GIVEN INFORMATION:
<<<<
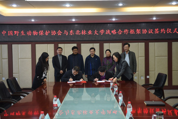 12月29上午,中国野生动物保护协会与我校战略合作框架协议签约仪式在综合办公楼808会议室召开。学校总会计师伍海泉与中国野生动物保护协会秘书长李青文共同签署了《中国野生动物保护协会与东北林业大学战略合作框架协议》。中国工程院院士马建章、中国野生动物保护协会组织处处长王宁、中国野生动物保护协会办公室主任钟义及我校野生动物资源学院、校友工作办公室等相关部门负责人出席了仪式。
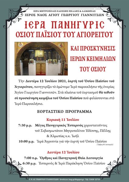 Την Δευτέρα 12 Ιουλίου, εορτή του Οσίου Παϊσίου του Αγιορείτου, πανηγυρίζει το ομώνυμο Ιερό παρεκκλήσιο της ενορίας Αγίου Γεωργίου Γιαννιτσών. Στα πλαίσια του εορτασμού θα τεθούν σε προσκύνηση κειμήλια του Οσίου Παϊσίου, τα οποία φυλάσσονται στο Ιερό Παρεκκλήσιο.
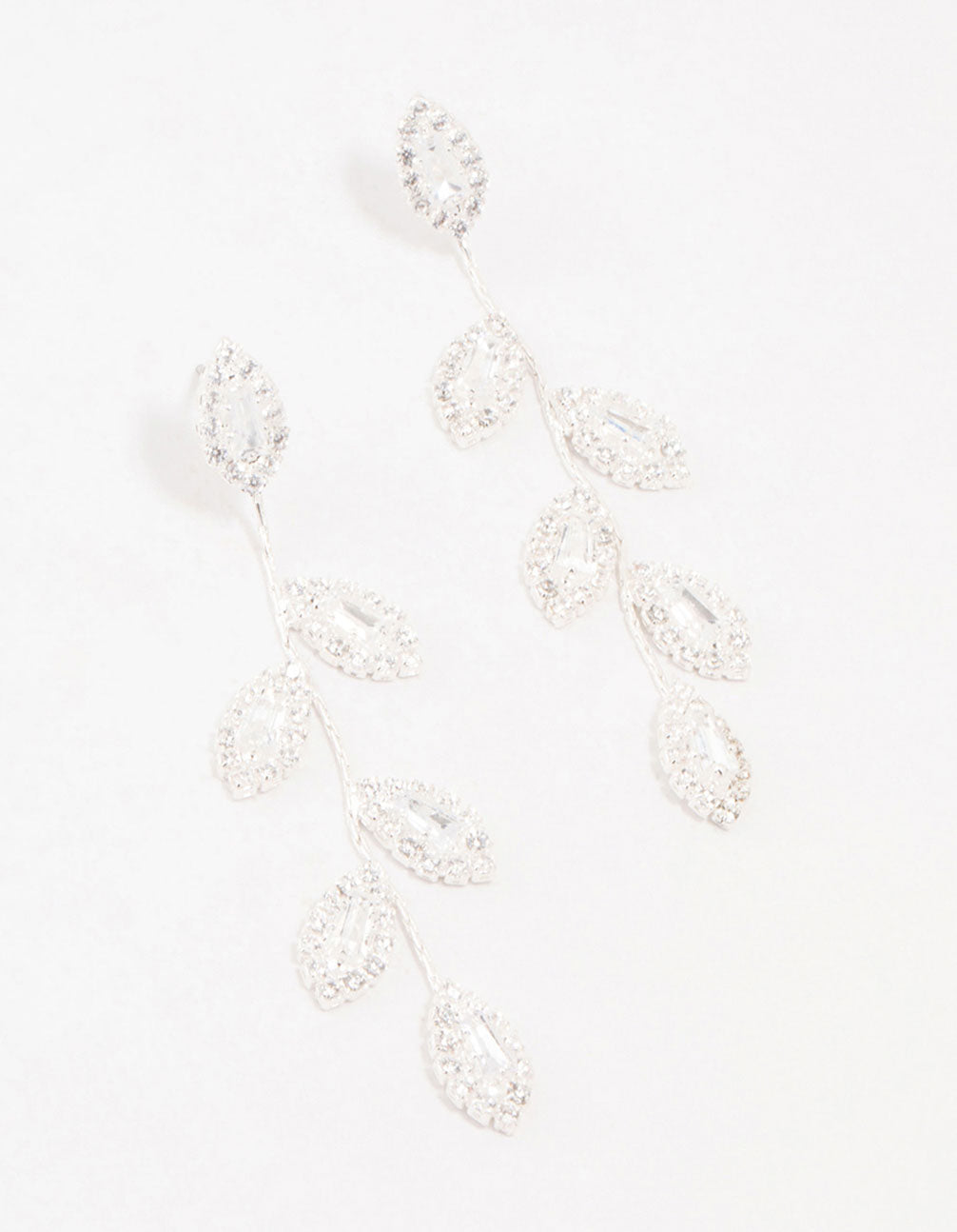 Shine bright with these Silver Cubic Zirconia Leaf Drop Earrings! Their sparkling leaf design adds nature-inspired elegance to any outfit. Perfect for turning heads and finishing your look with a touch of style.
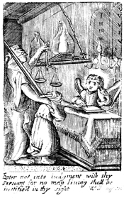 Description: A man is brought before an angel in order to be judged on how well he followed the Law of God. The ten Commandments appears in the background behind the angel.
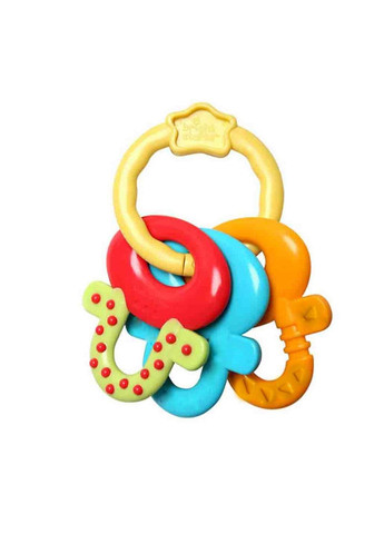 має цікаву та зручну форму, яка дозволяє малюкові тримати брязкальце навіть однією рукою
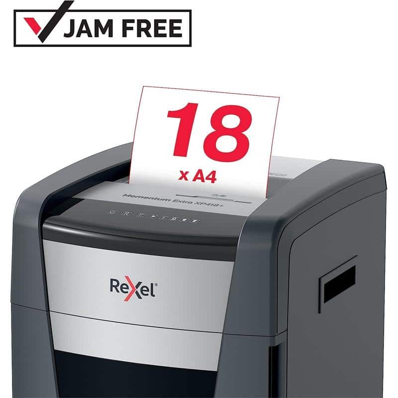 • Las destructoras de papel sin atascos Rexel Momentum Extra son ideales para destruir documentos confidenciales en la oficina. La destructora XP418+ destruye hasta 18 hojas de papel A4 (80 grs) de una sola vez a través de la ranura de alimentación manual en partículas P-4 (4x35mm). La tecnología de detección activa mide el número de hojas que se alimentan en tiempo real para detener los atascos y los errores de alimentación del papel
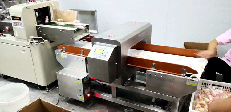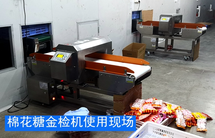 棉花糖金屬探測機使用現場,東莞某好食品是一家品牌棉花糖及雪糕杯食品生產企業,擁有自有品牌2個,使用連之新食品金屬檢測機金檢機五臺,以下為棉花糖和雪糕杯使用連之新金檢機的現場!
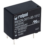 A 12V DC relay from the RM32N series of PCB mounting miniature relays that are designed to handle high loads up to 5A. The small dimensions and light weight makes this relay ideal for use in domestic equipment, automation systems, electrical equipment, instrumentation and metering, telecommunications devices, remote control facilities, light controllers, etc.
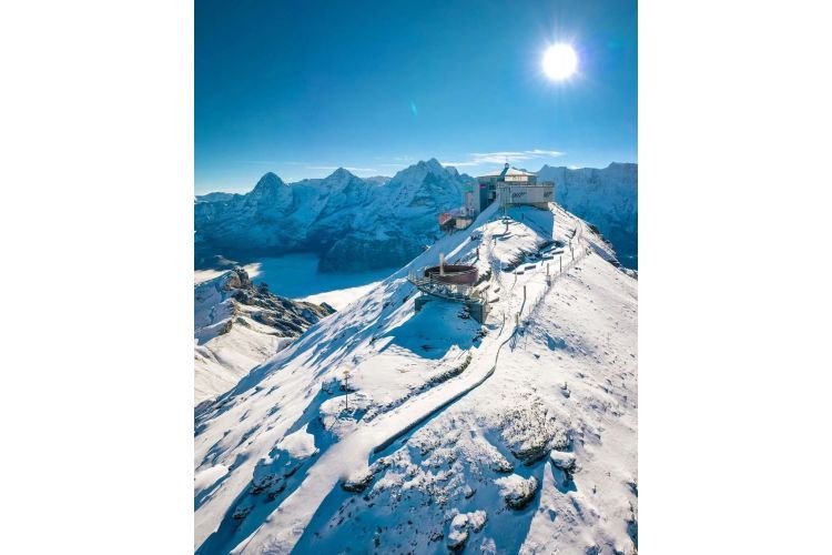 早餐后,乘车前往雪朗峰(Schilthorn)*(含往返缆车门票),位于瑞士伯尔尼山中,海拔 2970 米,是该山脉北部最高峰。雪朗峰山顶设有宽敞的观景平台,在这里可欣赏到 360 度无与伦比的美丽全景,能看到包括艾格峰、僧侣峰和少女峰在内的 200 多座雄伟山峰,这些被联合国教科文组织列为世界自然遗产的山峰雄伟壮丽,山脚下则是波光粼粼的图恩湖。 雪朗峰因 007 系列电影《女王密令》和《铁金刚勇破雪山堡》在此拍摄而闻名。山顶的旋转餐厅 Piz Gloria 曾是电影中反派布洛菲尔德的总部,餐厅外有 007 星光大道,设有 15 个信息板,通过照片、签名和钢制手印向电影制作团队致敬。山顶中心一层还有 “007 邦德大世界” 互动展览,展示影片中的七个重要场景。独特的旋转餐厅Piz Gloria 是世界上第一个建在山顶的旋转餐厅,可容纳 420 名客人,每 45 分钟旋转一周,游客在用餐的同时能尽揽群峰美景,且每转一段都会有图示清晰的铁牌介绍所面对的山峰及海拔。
>>>>
<<<<
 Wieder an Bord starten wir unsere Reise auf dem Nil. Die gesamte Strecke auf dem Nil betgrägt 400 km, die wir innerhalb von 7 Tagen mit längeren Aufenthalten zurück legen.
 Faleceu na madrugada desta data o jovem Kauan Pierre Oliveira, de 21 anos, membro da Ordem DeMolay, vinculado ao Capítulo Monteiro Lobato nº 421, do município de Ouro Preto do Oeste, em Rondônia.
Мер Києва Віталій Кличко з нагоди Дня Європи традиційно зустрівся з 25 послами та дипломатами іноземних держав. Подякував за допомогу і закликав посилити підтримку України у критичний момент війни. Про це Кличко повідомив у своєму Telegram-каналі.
>>>>
ACTION ITEM: Look through the listing above for the line with "Την Δευτέρα 12" and the line with "棉花糖金屬探測機使用現場,東". Write out exactly those lines and everything between, leaving out pictures.

ANSWER FOR THIS EXERCISE:
 Την Δευτέρα 12 Ιουλίου, εορτή του Οσίου Παϊσίου του Αγιορείτου, πανηγυρίζει το ομώνυμο Ιερό παρεκκλήσιο της ενορίας Αγίου Γεωργίου Γιαννιτσών. Στα πλαίσια του εορτασμού θα τεθούν σε προσκύνηση κειμήλια του Οσίου Παϊσίου, τα οποία φυλάσσονται στο Ιερό Παρεκκλήσιο.
 Shine bright with these Silver Cubic Zirconia Leaf Drop Earrings! Their sparkling leaf design adds nature-inspired elegance to any outfit. Perfect for turning heads and finishing your look with a touch of style.
 Description: A man is brought before an angel in order to be judged on how well he followed the Law of God. The ten Commandments appears in the background behind the angel.
 має цікаву та зручну форму, яка дозволяє малюкові тримати брязкальце навіть однією рукою
 • Las destructoras de papel sin atascos Rexel Momentum Extra son ideales para destruir documentos confidenciales en la oficina. La destructora XP418+ destruye hasta 18 hojas de papel A4 (80 grs) de una sola vez a través de la ranura de alimentación manual en partículas P-4 (4x35mm). La tecnología de detección activa mide el número de hojas que se alimentan en tiempo real para detener los atascos y los errores de alimentación del papel
 棉花糖金屬探測機使用現場,東莞某好食品是一家品牌棉花糖及雪糕杯食品生產企業,擁有自有品牌2個,使用連之新食品金屬檢測機金檢機五臺,以下為棉花糖和雪糕杯使用連之新金檢機的現場!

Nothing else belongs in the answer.